Rating:
# CTFZone 2018 -- Help Mars!
> **Category**: PPC, OSINT
> **Description**:
> Hello!
> The Martians need your help. They are in contact with the H5N1 virus.
> We know that there is a universal vaccine (locus HW306977) on our planet.
> Find the substances on their planet that can be used to synthesize the vaccine.
> A large sample database is at your disposal.
> [mars_dna_samples.zip](./mars_dna_samples.zip).
> Your task is to select the right combination of samples (recipe). Result is
> the shortest (lowest count of samples used to synthesize the vaccine). If you
> find more than one shortest recipe - select the one, which has the longest code
> in each sample from start to end.
> Example:
> Code: 123456
> Samples (id,code):
> 1,4
> 2,6
> 3,12
> 4,34
> 5,56
> 6,45
> 7,123
> Available combinations
> 12-34-56
> 123-45-6
> 123-4-56
> Solving: 123 + 45 + 6
> Result: 7,6,2
> Flag is ctfzone{md5(Result)}
# Writeup
## Googling
To get the flag you first need to find genom sequence of H5N1 virus. Unfortunately,
there are lots of variants of this virus, and HW306977 hasn't been indexed by google.
So it took some time to find data archive of biology things, and here we found
a [record about HW306977](https://www.ncbi.nlm.nih.gov/nuccore/HW306977).
## Algorithm
### Method
The task is typical for [dynamic programming](https://en.wikipedia.org/wiki/Dynamic_programming).

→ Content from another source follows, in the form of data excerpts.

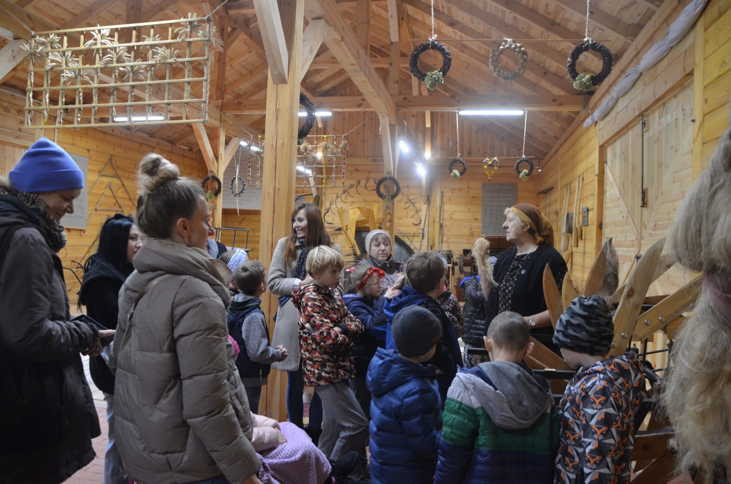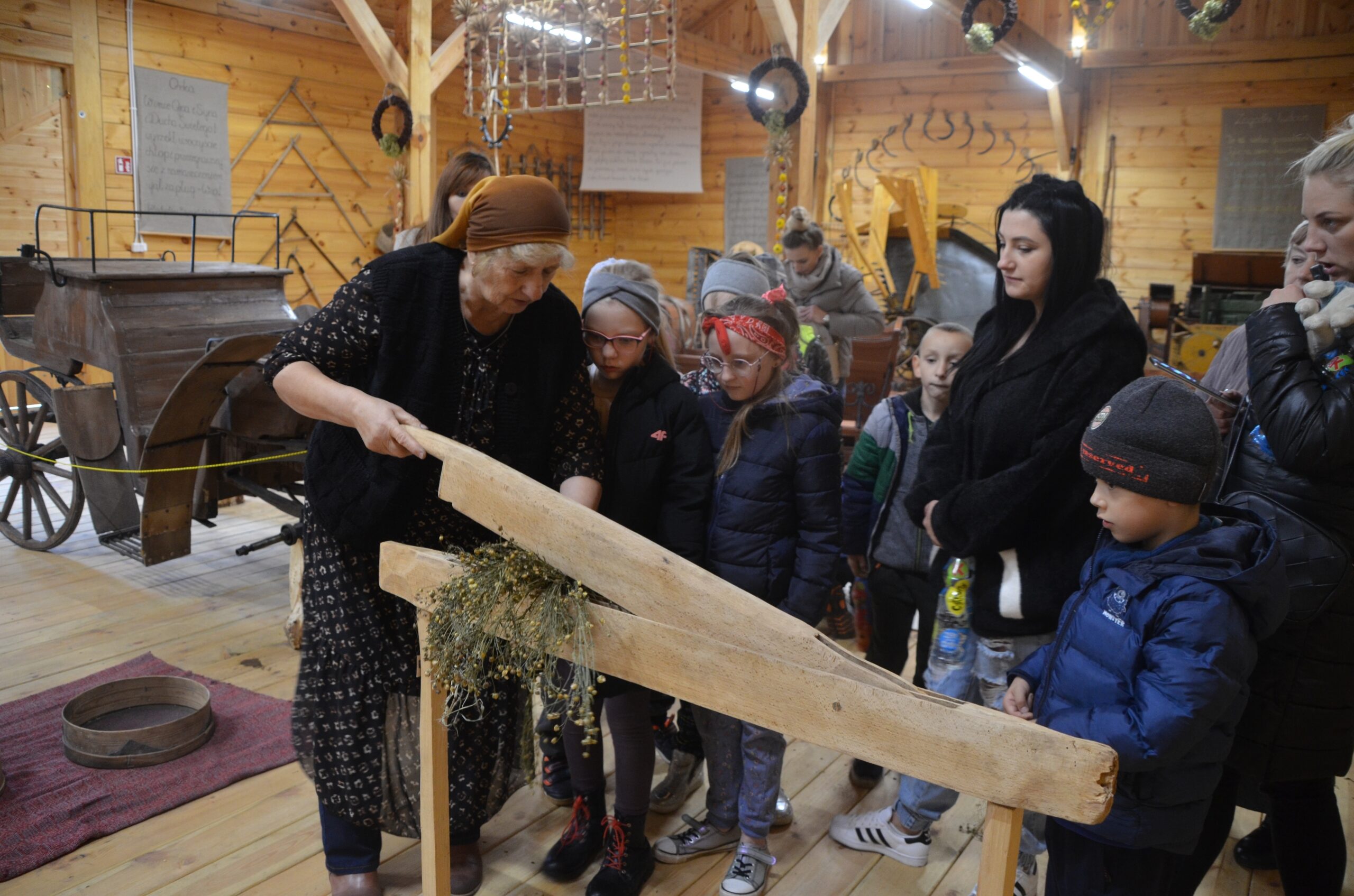 Po degustacji nadszedł czas na odwiedziny pomieszczeń nowego kompleksu Centrum Kultury Dawnej, w tym kuźni i stodoły, które stanęły niedawno obok Izby. Szczególnie wystrój i wyposażenie stodoły przykuły uwagę zwiedzających, gdzie zgromadzono najwięcej eksponatów wielkogabarytowych, jak np. wóz drabiniasty, sanie, dorożkę czy wialnię. W stodole odbył się także pokaz obróbki lnu, przeprowadzony przez Opiekunkę obiektów, Wandę Szpugę. Uczniowie mogli zobaczyć jak wygląda len na najważniejszych etapach jego obróbki oraz jak używano niegdyś takich sprzętów jak międlica, trzepak do lnu, czy kołowrotek.
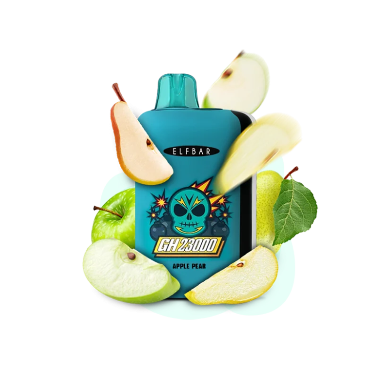 - Ресурс до 23000 затяжок. Однією електронною сигаретою вистачає надовго. Elf Bar GH 23000 Apple Pear (Яблуко Груша) Одноразовий POD забезпечує стабільну подачу пари до 23000 затяжок — цього більш ніж достатньо на кілька днів активного використання, а часом і на тиждень.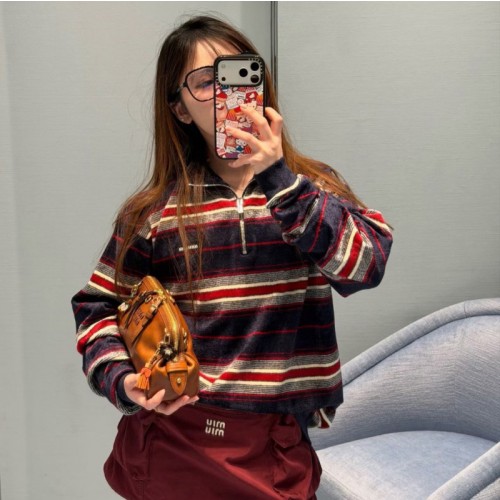 미우미우 체닐 자수 하프 집업 스웨터 MMR465 H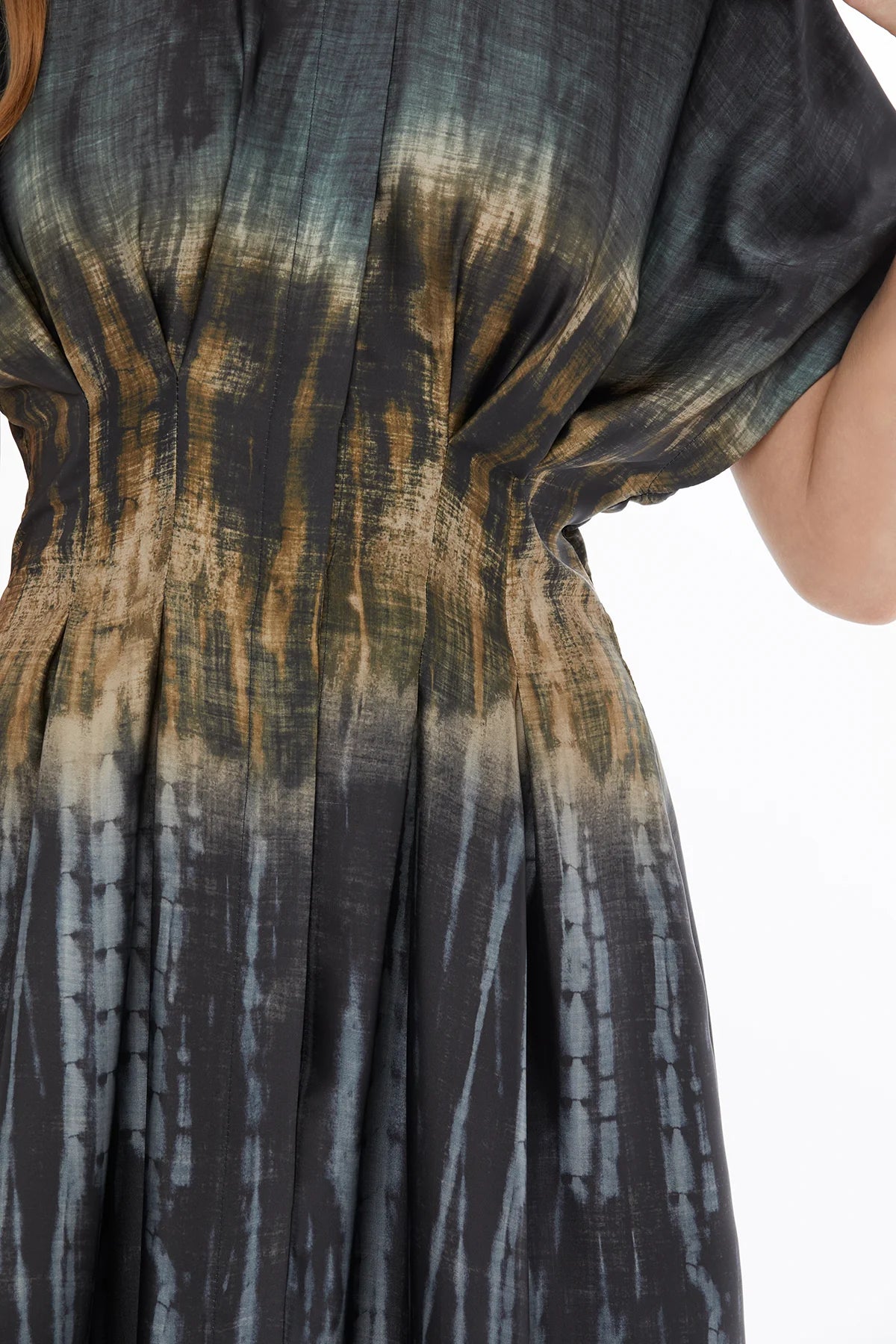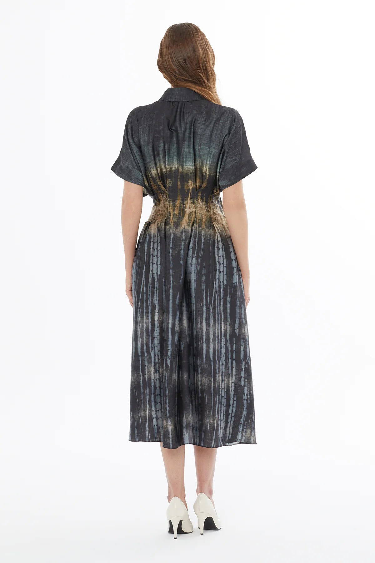 Yakalı Önden Düğmeli Desenli Midi Elbise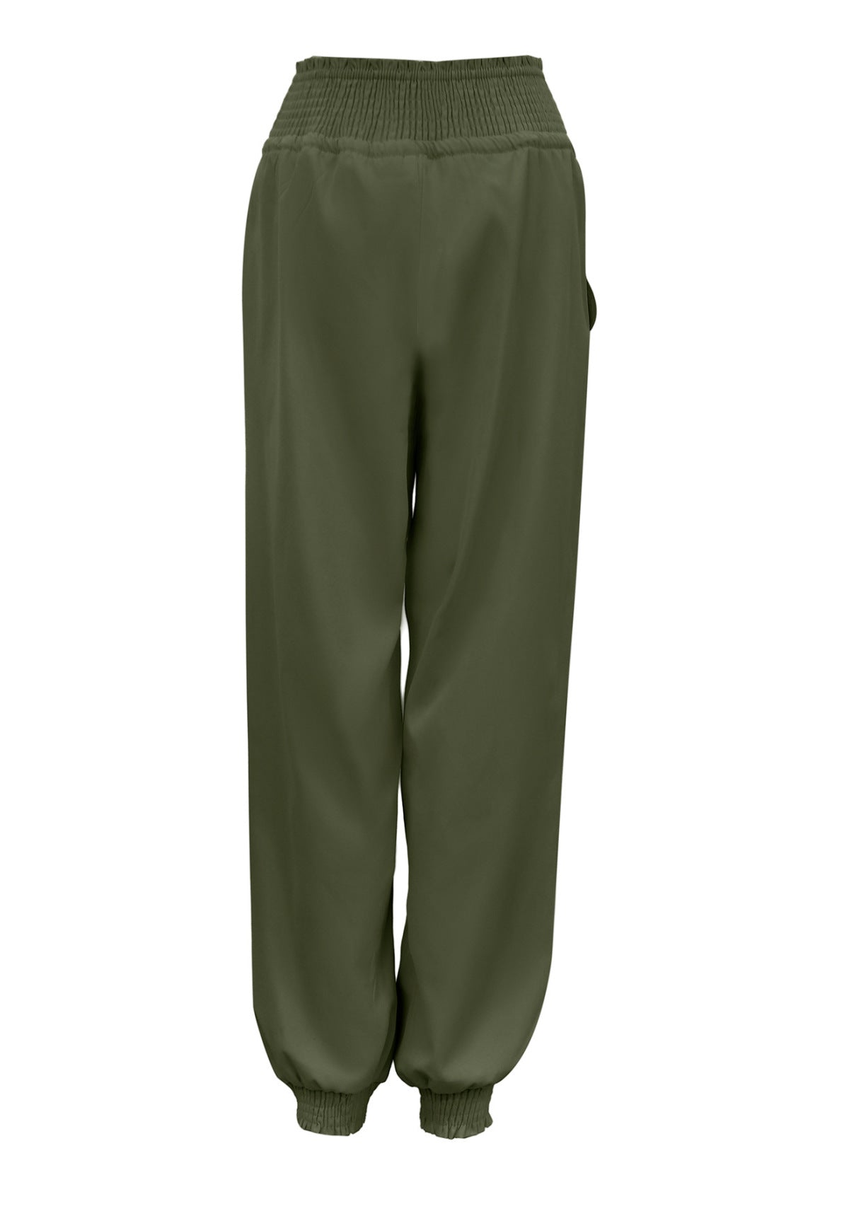 Decrease quantity for Casual Shirred Elastic High Waist Tie With Pocket Pants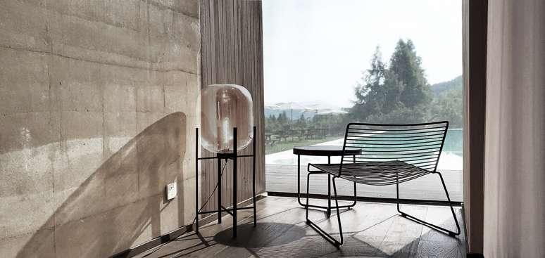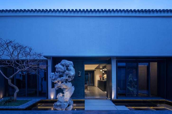 The screen divides the space softly and the bathtub is placed beside the courtyard. The room lighting system is connected in series on the structural frame,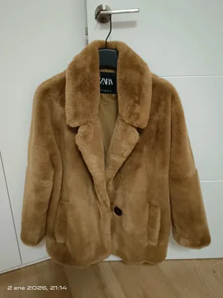 Chaquetón pelo Zara Beige Talla S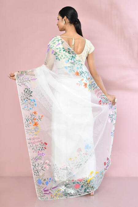 Buy_Anaya By Akruthi_White Organza Hand Painted Floral Saree_Online_at_Aza_Fashions
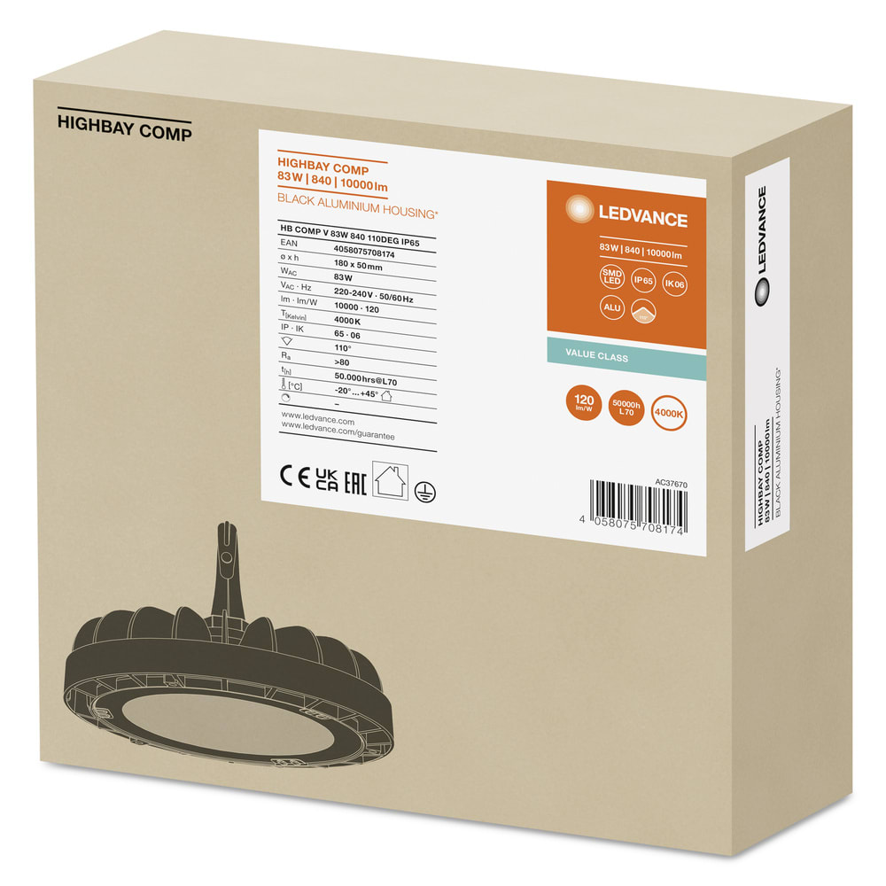 LEDVANCE - Lampada LEDV, Alta Luminosità, 83W, 840, 110°, IP65

We have a target sequence and hashmap sample_seq -> sample_ind, lets write a recursive function
that returns the smallest sequence of samples (only theirs ids) for some suffix of the
sequence: `f(suffix)`.
### Cache
The most important thing in dynamic programming is caching result of `f(..)`. If you can cache them,
your algorithm will be fast enoughh, if you don't it's polynomial asymptotic.
### Base case
If the suffix is empty, then the answer is obvious: `[]`.
### Body of recursion
After base case was checked, check that this prefix wasn't computed yet.
If it was, return the cached answer. If it wasn't, do this:
```python
def f(suffix):
# ... check for the base case
# ... look for a computed value in cache
best = None
for i in xrange(1, min(max_sample_len, len(suffix))+1):
if suffix[:i] not in sample_to_ind: continue
current = f(suffix[i:])
if (best is None and current is not None) or (best is not None and current is not None and len(best) > len(current)):
current.append(sample_to_its_ind[suffix[:i]])
best = current
# ... caching
return best
```
## Solver
[Here](./solve.py) you can take a look at my solver.